Mi hada
Dorothée Coll
¡He capturado un hada!
Ah, no... No, no, no... Esta es la versión para presumir con los amigos.
En realidad, he encontrado un hada.
Ahí estaba, con las alas arrugadas y la cara cansada, en el alféizar de la ventana. Primero creí que era un pajarito, una avecilla aturdida tras chocar contra el cristal de la ventana. Porque efectivamente estaba aturdida y, además, estaba muerta de frío. Con este invierno que se eterniza, a nadie se le ocurre dejar un hada al raso. Y, sin embargo, ahí estaba. ¿Cómo? ¿Por qué? No lo sé.
Me puse las gafas, sin ellas no veo bien, y miré más de cerca. No era un herrerillo, como había supuesto a causa del sombrerito que llevaba en la cabeza y de su vestido color narciso o mimosa (¡bueno, amarillo! La verdad es que no entiendo mucho de colores de flores) en parte tapado por su abrigo color ratón.
Parecía un poco atontada, casi azul de frío. No dejaba de temblar y tenía la carne de gallina —bueno, carne de pollita: era muy chiquita— parecía frágil, así que abrí la ventana.
Me preocupé porque parecía muerta. La tomé dulcemente en mis manos, todavía respiraba. Me sentía un poco tonto, era mi primera hada, no sabía muy bien cómo manejar la situación. Me senté en el sofá y, para calentarla, coloqué la otra mano a modo de tapa, apartando un poco los dedos para que le llegara la luz y un poco de aire, y esperé. Me apetecía un cigarrillo, pero tenía que ocuparme de mi hada. Mi hada... Creo que en el momento de decir eso, con ese simple posesivo, fui plenamente consciente de que ya me estaba encariñando con ella.
Esperé inmóvil. Soy paciente, es una de mis virtudes.
Al cabo de un rato, un ligero movimiento me hizo cosquillas en la palma de la mano. Abrí los dedos y la sorprendí bostezando, con la boca abierta de par en par. Sonreí. Es curioso, el bostezo de un hada suena como un pájaro que pía, pero más grave. Me miró y me soltó, la muy descarada: «Nunca me tapo la boca con la mano. Cuando bostezo, bostezo así, con la boca abierta de par en par. ¡Si no te gusta, me voy!».
Creo que estaba molesta de que la hubiera pillado in fraganti. Las hadas son muy susceptibles.
Primero le dije «Bueno». Y luego le dije: «No, no».

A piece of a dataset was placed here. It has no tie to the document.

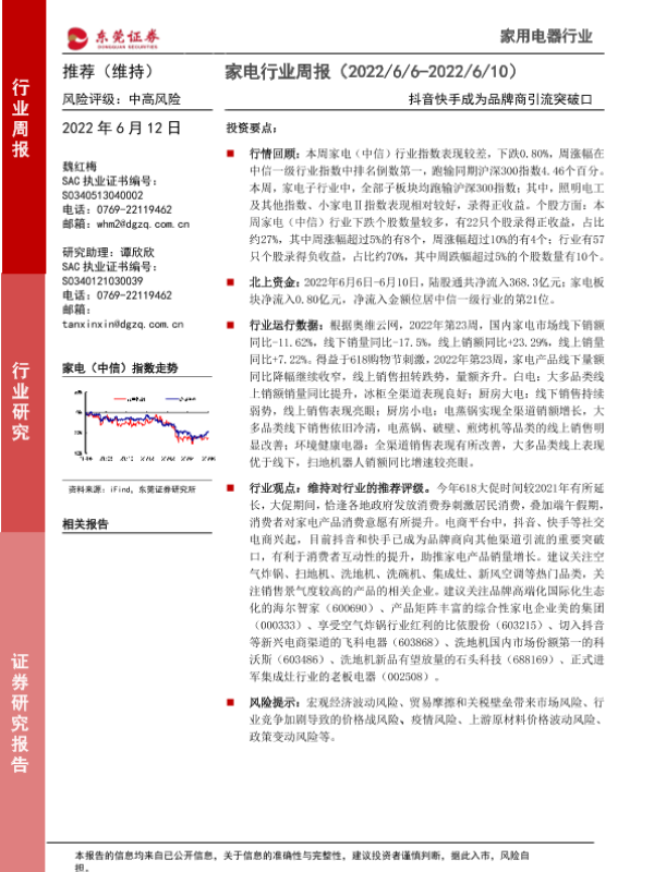【东莞证券】【20220612】20220612-东莞证券-家电行业周报:抖音快手成为品牌商引流突破口-15页

Me di cuenta de que mi respuesta no era muy clara, así que proseguí:
—Puedes bostezar como quieras.
—¡Sí! ¡Bostezo como quiero! Caliéntame un poco de leche, pero no muy caliente. Ponla en una taza un poco plana. Espero que tengas una taza un poco plana...
Me dije que menudo genio, que hubiera podido decir «por favor», pero que después de todo no estaba al corriente de las convenciones vigentes entre las hadas. Abrí el aparador y le enseñé los distintos modelos de taza.
Al final eligió una pequeña flanera.
Calenté un poco de leche. Le decepcionó un poco que fuera semidesnatada, me pidió que le añadiera un poco de nata y también canela. Así lo hice. Luego vertí un poco del líquido perfumado en la flanera.
El hada metió la mano dentro: «Gracias, está a la temperatura adecuada».
Se quitó el sombrero y el abrigo, pero cuando vi que se disponía a quitarse el vestido, le dije bajito: «Te dejo, me voy a fumar un cigarrillo en el balcón». Entonces me regaló una inmensa sonrisa, de las que te hacen perder la cabeza, y me respondió «OK».
Cuando volví, la flanera estaba desierta, el vestido, el abrigo, el sombrero y el hada habían desaparecido, pero sobre la encimera había un «gracias» de leche dibujado con la punta del pie.
Encontré un hada y cada mañana, mientras me preparo un café, echo un vistazo al alfeizar de la ventana... Tengo mucha paciencia. Es una de mis virtudes.